2016: A Year Of Decisions

 


The new year is upon us and it will be a time of decisions, not only for voters but also for elected officials. For voters, the greatest interest will be in the presidential race, followed by the gubernatorial and senatorial races.

But there also will be decisions made regarding major infrastructure projects. At the state level, voters will decide on a $2 billion bond referendum in March. Proponents of the bond, entitled Connect NC, launched their advocacy campaign this week. The bond includes money for education, safety, recreation, water and sewer infrastructure. Approximately $980 million would go to the UNC system with another $350 million designated for the state’s community colleges.

Infrastructure issues are not relegated to just the state. Decisions regarding infrastructure also need to be made locally. The Transylvania County Board of Commissioners has been looking at several alternatives regarding the county courthouse. A decision as to whether or not a new courthouse should be constructed or the current one renovated should be made this year.

But that decision should not be made in a vacuum.

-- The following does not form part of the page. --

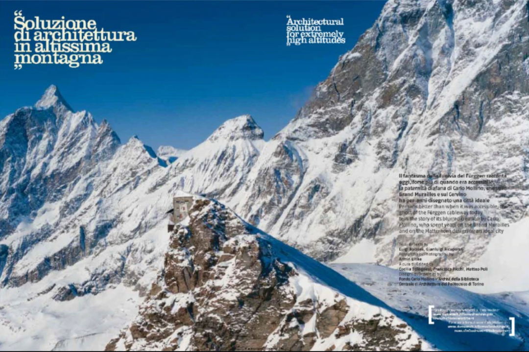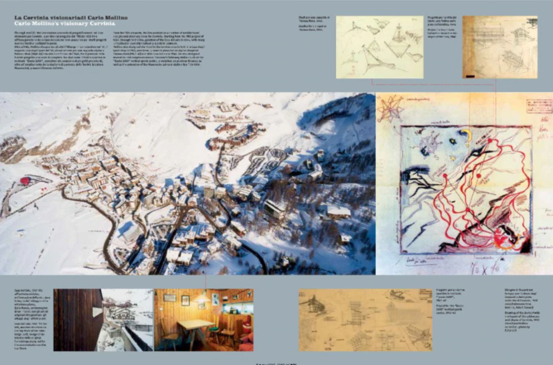 莫利诺从30年代起就为意大利西北部奥斯塔山谷地区的一个高山度假胜地切尔维尼亚设计了许多建筑设计,提供了富有远见的想法。从1939年的PRG项目开始,到1954年太阳之家的落成典礼,中间还有许多未实现或部分实现的项目。

The local school board has received a study indicating that infrastructure needs in the county’s schools are approximately $118 million. Even if those numbers are inflated and some of the work can be delayed for several more years, it’s clear that millions of dollars need to be spent on capital improvements to our schools.

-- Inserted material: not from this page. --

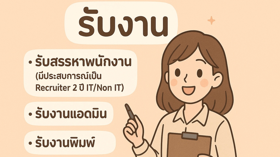✨ มีประสบการณ์รีครูท IT/Non-IT 2 ปี ✨ ดูแล Line OA มากกว่า 5 ปี ✨ ใช้ Word / Excel / PowerPoint / Canva คล่อง ✨ รับงานแอดมิน พิมพ์งาน เอกสาร ตอบแชท ✨ ว่างงานหลังเลิกงานและวันหยุด พร้อมส่งงานตรงเวลา

Just as a decision on the courthouse has been delayed for years, so have decisions on upgrading our schools. With each delay, however, the price increases. Now that construction work has increased and interest rates have begun to rise, the costs for such buildings is bound to increase.

One local infrastructure issue that seems to have been placed on the backburner is water. Recent rains and our abundance of water should not deceive us into believing that we will always have an abundance of this most needed natural resource. The state already has shown its proclitivity to take control of local water systems, and there is no indication that trend will be reversed. In fact, with the state population having just surpassed 10 million people, it’s more likely that booming areas such as metropolitan Charlotte, the Research Triangle and the Triad area will look elsewhere, quite possibly to these mountains, to meet their water needs.

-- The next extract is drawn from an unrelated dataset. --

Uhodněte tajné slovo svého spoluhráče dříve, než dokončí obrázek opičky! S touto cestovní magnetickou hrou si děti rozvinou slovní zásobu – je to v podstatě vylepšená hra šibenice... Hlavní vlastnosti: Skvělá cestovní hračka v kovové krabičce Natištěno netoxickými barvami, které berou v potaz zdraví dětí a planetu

In November of 2014 a water conference to discuss laws, regulations, needs, availability, etc. was held at Brevard College. Since that time, however, there appears to have been little movement on an overall plan for water and wastewater systems within the county. Discussions need to be held and decisions need to be made as to whether or not there will be a county water authority or our two local municipalities will operate separately and county property owners will be left to their own devices.

Infrastructure decisions are not nearly as exciting or fascinating as voting for candidates, but they have a tremendous impact on our lives. Residents should learn as much as we can about infrastructure needs, costs and means of payment so that we and our elected officials make the decisions that are in our best interests.